In this article we look at what could happen to your monthly AWS spend if you have not optimised your infrastructure to accommodate the volume of changes.


You can also watch a video case study too.


When you first onboard Audit Trail it is tempting to select the lowest cost components in order to keep your costs down. In theory this is the right approach. However in practise by selecting a database capacity that becomes overloaded, you can increase your costs more than it would be if you had selected a more powerful database. Let's take a look at how that can happen.


Let's take a look at The Adam James Foundation (a fictitious organisation). They setup their database with a size medium when prompted to so.



In AWS, this corresponds to a DocumentDB database instance class size of db.t3.medium. 


The AJF thought that this would be sufficient for quiet times and busy times. What they did not realise was that this database was becoming "overheated". Normally a database can keep all the data it needs to work with in memory. However, the greater the number of changes the larger the amount of memory it needs to work with. If there is not enough memory then it will use a swap disk i.e. instead of keeping items in RAM, it will write them to disk in order to use them.


AWS charges for the hourly use of the database but also for input/output (IO) usage. Because the database was having to write so much to disk, the IO usage went up enormously.


We can see this on the cost explorer.



The first thing to note is that, if you have TechSoup AWS credits (or any other credits), it is worthwhile removing it from the view. On the right-hand filter select to exclude credits:



I have also set up this view with my date range, a monthly granularity and grouping by Usage type. To focus in on the database, I am filtering on Service, selecting only DocumentDB (with MongoDB compatibility).


The vast majority of cost here is the blue item - USE2-StorageIOUsage. This is the input/output cost of the swap disk. To lower this cost, we can increase the database class to a higher level. You can either do this via the Audit Trail Configuration application or directly in AWS. I selected "Large" which corresponds to db.r6g.large instance. This costs almost 4 times as much per hour but, the idea is that this will be greatly offset by a lowered IO value.


Another indicator...


There is another indicator that things were not going as planned...

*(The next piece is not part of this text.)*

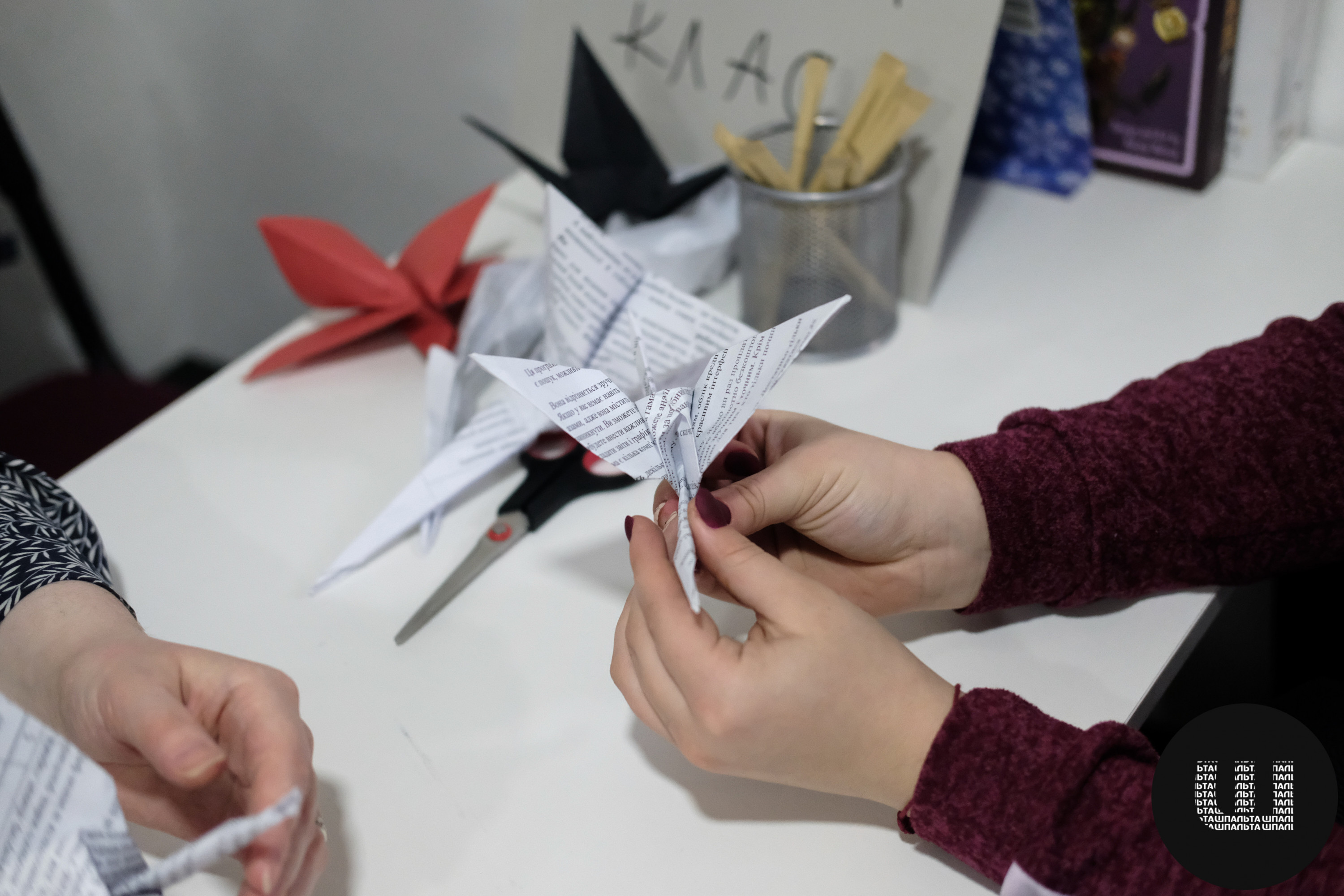 Антоніна Ланова навчала відвідувачів вечірки робити орігамі.

Let's bring up the database in AWS. In the search box search for  atinstance-1. Under the resources area of the results, you should see atinstance-1



Under the monitoring tab, there are a lot of graphs. We are going to look at two of them. Firstly CPU Utilization.


This shows us that, for much of the time the CPU was working hard and quite a few occasions it was up at 100%.

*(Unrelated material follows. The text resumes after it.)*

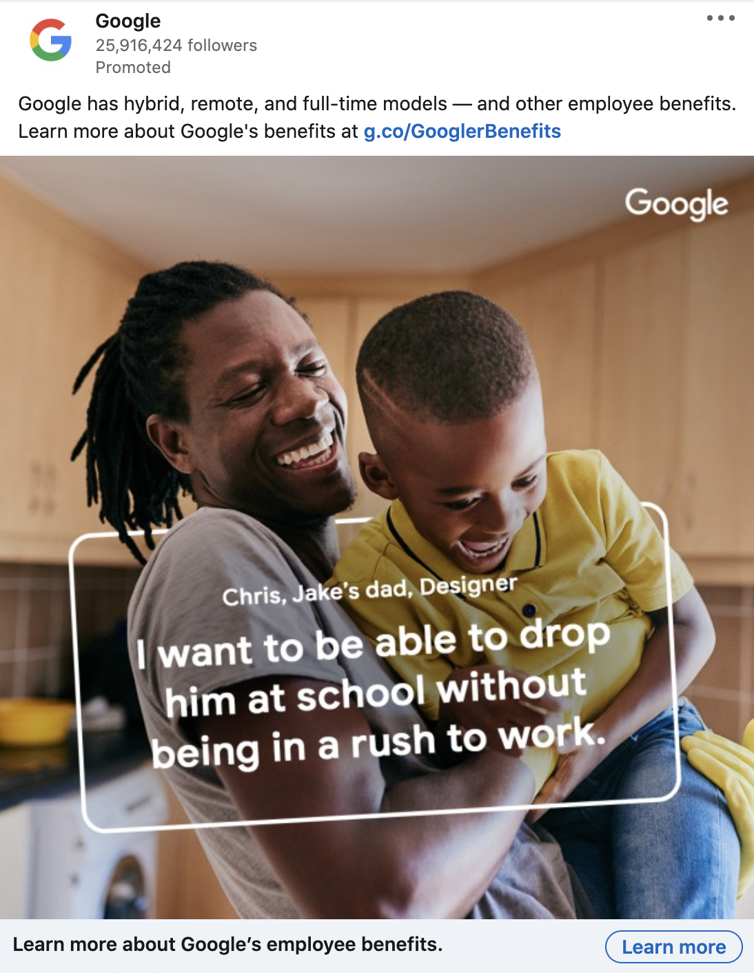 Here, Google advertises one of its major benefits: work-life balance. Instead of traditional copy, this digital ad features a quote from a hypothetical employee. Notice how the copy also calls him “Jake’s dad” first and a “designer” second, further emphasizing that Google prioritizes people’s lives over the grind.

The next graph is the Buffer Cache Hit Ratio in Percent. 



This graph shows us the efficiency with which the in-memory data cache  is utilized. A high percentage indicates that most read operations are being served from the in-memory cache which is faster than reading from disk. The higher the value the better. Ideally we want to be up towards 100%.


When we changed the database class to large (on the right of the graph), 100% was hit consistently.


How come we are producing so much data?


It can be difficult to recognise how many changes you are actually producing. On a basic level you may think of just those members of staff who are going into records and updating them. In which case that maybe just a 100 records per day. However when you consider other changes, such as imports or global changes and then also think about automated processes that just happen e.g. maybe you have connections to third party applications that are adding or updating data then the figures can mount up.


If you are seeing delays in data being added to the Viewer then you should also be wary. (If you are not seeing any data then that is another story. There could be an API key issue or your database search may be timing out - a larger database instance class would certainly help here too).


It is possible to check the "queue". Whenever data comes in from Blackbaud, so that it does not overwhelm the AWS infrastructure, it is added to a queue - a FIFO SQS queue to be precise. Let's bring up this queue.


In the AWS search box, enter. ATQueue.fifo. Again, under the resources select the entry for ATQueue.fifo.


If we go to the monitoring tab and look at some of the graphs shown there.



This shows the approximate number of message on the queue. Each message corresponds to one field change. This is a worrying picture. Firstly within the space of a few hours the numbers increase dramatically from around 370k up to around 470k. There may be a very good reason for this i.e. a large import of data. What is important is to see the numbers fall again. If, when we look at the activity later on we can a lowering of the numbers, then we know that our database can cope with the numbers coming off.